The answer is every line of the records that holds the word "your", copied in full.

Supplied entries »
· · ·

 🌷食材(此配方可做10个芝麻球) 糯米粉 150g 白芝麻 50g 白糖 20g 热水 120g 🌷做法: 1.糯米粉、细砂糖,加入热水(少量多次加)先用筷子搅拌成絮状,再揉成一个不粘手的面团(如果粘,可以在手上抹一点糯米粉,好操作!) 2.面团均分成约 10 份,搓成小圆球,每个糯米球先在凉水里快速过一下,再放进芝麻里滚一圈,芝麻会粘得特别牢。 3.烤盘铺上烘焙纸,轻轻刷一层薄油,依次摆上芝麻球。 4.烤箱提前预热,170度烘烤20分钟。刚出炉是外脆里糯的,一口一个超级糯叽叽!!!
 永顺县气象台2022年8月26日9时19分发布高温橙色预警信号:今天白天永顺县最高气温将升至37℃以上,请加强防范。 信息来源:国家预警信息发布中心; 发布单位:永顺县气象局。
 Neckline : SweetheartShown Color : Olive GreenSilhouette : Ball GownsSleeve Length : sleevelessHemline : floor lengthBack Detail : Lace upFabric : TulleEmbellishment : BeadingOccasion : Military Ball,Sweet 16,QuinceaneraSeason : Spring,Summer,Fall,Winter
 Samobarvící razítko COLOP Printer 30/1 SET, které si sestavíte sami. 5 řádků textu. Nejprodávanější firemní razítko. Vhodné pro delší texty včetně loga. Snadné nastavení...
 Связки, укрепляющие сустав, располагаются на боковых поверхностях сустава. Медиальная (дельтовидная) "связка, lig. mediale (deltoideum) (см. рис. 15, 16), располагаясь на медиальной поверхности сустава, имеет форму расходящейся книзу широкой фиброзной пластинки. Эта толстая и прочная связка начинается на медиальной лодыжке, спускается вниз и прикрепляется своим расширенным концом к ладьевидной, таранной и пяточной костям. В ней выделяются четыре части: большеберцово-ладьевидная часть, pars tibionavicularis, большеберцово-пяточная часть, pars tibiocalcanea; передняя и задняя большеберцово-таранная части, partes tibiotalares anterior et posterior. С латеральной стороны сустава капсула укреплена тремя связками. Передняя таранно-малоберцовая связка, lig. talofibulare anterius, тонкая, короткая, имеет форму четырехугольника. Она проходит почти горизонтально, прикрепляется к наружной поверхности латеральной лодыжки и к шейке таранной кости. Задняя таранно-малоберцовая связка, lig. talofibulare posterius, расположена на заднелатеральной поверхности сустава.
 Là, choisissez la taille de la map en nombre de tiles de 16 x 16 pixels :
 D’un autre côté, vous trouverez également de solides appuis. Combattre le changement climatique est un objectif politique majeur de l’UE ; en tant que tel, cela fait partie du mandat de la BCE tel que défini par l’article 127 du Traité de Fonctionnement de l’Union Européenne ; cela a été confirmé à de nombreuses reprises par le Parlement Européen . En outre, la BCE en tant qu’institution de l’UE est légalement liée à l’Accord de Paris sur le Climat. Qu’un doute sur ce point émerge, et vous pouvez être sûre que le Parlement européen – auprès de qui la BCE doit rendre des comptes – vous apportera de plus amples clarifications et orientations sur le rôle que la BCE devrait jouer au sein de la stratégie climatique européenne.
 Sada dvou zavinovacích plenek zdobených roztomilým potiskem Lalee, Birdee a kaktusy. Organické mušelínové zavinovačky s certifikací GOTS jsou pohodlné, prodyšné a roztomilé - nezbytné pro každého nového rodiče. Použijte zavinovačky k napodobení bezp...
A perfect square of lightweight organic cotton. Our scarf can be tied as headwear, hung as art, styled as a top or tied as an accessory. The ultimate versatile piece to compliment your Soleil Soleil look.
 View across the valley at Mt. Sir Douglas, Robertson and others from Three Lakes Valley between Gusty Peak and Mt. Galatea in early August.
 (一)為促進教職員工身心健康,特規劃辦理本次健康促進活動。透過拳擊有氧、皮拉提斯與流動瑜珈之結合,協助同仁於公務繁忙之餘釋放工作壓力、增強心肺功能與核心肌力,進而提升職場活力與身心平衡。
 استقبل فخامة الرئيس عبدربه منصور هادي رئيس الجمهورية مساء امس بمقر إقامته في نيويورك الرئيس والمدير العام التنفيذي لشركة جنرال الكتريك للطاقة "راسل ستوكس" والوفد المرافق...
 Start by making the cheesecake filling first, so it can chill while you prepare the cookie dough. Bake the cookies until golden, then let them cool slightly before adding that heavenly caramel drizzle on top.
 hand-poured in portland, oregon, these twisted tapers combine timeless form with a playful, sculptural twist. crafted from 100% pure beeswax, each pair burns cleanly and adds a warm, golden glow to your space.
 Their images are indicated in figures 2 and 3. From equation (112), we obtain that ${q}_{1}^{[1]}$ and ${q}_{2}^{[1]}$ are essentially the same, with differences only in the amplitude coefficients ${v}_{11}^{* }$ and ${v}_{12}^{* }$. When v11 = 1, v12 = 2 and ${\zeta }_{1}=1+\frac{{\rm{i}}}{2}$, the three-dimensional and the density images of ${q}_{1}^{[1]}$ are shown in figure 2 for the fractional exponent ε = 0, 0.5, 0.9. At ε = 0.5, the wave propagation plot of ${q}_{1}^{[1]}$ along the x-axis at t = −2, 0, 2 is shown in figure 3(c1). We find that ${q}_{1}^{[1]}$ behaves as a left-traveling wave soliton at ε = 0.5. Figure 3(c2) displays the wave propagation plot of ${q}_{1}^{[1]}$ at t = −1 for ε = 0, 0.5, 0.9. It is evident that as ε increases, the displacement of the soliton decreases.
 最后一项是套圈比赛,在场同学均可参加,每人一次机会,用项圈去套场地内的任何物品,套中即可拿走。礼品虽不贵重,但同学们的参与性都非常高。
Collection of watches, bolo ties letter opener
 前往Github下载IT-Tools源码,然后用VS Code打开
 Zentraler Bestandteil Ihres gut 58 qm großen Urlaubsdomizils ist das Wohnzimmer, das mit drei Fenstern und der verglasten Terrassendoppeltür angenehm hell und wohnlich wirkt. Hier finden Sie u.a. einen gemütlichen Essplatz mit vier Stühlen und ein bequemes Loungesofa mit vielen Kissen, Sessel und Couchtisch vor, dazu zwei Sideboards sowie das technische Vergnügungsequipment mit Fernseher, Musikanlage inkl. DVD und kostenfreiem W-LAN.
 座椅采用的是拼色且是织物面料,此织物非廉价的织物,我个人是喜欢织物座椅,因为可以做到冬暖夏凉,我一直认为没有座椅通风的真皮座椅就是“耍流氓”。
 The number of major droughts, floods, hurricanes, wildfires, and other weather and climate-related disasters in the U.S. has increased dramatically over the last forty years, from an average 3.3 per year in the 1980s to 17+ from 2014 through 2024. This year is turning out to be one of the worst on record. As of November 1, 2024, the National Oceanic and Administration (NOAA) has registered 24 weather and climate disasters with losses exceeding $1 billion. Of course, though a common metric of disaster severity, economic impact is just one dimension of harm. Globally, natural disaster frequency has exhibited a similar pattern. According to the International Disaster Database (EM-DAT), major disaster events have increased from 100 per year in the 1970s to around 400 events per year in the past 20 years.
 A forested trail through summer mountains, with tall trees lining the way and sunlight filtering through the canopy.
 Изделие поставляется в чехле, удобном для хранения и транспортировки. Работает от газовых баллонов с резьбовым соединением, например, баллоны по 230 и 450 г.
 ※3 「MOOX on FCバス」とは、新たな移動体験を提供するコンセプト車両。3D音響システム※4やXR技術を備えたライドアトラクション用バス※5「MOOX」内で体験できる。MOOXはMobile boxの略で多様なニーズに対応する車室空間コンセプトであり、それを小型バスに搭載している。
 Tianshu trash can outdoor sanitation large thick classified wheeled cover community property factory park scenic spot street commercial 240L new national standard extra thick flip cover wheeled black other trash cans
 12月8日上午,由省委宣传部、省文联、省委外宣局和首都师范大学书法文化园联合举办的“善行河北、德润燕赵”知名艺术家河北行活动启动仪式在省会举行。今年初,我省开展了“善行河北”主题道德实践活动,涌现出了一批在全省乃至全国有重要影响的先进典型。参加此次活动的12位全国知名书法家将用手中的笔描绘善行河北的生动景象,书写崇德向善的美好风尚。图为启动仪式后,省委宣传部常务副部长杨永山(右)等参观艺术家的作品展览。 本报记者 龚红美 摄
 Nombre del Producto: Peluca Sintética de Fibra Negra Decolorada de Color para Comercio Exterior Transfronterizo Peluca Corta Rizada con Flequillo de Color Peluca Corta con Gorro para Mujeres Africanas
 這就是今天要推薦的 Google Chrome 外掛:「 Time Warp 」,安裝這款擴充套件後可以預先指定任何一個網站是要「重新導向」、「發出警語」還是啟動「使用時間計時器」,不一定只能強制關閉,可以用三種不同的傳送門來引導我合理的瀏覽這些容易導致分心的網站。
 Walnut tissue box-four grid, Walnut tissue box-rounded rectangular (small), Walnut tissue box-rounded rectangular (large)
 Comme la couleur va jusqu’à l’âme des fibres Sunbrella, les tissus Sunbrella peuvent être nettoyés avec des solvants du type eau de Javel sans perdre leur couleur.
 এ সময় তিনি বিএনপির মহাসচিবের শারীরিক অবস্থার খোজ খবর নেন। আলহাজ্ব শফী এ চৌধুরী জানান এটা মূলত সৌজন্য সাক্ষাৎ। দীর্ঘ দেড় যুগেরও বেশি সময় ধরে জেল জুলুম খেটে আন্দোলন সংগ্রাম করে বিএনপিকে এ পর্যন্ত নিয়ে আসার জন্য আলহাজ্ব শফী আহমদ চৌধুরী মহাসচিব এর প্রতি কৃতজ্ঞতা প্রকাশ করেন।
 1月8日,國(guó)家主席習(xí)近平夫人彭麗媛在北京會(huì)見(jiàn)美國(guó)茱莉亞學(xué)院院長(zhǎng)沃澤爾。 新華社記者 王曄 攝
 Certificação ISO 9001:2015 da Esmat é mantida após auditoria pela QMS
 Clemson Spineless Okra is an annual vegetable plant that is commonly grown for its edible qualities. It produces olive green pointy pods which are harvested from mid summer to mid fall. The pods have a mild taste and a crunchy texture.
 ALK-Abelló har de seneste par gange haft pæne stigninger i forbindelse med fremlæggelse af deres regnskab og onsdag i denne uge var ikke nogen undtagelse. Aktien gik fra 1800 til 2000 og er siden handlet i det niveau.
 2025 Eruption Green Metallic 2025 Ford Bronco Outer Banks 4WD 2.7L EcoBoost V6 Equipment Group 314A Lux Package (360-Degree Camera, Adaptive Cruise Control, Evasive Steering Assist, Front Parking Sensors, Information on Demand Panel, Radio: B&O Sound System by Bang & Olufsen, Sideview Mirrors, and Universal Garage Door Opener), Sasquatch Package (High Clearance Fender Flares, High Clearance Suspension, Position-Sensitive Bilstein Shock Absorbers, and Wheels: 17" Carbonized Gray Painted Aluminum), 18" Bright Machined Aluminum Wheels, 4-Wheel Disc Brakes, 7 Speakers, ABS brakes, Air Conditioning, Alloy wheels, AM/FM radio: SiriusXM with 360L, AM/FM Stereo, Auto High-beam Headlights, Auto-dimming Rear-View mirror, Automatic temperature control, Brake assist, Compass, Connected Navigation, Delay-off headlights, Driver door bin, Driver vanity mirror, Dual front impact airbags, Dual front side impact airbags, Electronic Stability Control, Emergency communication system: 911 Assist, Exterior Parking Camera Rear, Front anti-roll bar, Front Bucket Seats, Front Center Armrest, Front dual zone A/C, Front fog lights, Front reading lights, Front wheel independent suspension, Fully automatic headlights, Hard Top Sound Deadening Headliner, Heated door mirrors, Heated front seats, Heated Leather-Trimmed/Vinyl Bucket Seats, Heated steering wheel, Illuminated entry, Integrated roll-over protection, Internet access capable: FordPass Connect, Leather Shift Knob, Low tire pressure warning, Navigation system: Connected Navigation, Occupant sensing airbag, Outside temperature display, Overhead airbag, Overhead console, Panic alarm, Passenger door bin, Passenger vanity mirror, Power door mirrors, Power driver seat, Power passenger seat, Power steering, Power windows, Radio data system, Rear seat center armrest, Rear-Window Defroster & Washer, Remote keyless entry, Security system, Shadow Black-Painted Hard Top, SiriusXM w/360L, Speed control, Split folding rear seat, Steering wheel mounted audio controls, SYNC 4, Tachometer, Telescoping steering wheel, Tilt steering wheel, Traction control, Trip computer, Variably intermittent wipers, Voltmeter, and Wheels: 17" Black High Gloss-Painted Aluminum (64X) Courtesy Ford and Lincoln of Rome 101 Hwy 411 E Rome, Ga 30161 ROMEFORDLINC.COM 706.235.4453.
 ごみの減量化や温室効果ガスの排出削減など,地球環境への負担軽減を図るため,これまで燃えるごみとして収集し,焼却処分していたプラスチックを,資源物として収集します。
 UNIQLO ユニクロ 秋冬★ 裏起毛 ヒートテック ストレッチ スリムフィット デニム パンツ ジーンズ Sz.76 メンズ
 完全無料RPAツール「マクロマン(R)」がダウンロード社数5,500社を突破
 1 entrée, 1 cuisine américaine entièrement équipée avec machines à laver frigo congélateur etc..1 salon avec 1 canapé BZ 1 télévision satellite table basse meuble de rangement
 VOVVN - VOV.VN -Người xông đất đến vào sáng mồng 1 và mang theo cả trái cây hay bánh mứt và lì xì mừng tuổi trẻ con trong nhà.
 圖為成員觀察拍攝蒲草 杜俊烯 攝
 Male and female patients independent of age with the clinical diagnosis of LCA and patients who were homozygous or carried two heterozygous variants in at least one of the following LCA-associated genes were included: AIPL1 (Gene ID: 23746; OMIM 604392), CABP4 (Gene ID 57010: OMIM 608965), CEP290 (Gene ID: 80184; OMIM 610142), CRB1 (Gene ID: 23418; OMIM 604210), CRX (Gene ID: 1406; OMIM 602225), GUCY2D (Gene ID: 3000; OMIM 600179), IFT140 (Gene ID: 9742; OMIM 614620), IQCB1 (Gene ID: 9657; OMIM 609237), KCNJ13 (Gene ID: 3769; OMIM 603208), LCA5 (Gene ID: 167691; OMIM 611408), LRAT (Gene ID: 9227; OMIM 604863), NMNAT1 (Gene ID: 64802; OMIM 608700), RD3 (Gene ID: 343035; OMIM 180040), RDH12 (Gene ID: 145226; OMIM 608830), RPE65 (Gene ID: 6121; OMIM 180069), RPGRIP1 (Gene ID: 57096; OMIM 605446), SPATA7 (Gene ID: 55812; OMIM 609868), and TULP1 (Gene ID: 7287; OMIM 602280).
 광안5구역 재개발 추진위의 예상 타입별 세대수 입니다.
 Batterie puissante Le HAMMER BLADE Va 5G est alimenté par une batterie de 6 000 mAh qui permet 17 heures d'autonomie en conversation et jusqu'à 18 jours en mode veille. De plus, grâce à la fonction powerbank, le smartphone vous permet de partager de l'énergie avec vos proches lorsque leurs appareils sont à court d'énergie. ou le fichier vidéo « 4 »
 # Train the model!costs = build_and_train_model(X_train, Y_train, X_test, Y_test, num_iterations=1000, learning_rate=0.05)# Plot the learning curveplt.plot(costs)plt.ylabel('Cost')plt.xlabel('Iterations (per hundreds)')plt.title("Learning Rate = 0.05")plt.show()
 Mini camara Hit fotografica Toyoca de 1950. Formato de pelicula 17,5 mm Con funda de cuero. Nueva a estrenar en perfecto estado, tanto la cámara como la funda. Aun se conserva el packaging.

· · ·

Answer for the task »
A perfect square of lightweight organic cotton. Our scarf can be tied as headwear, hung as art, styled as a top or tied as an accessory. The ultimate versatile piece to compliment your Soleil Soleil look.
 hand-poured in portland, oregon, these twisted tapers combine timeless form with a playful, sculptural twist. crafted from 100% pure beeswax, each pair burns cleanly and adds a warm, golden glow to your space.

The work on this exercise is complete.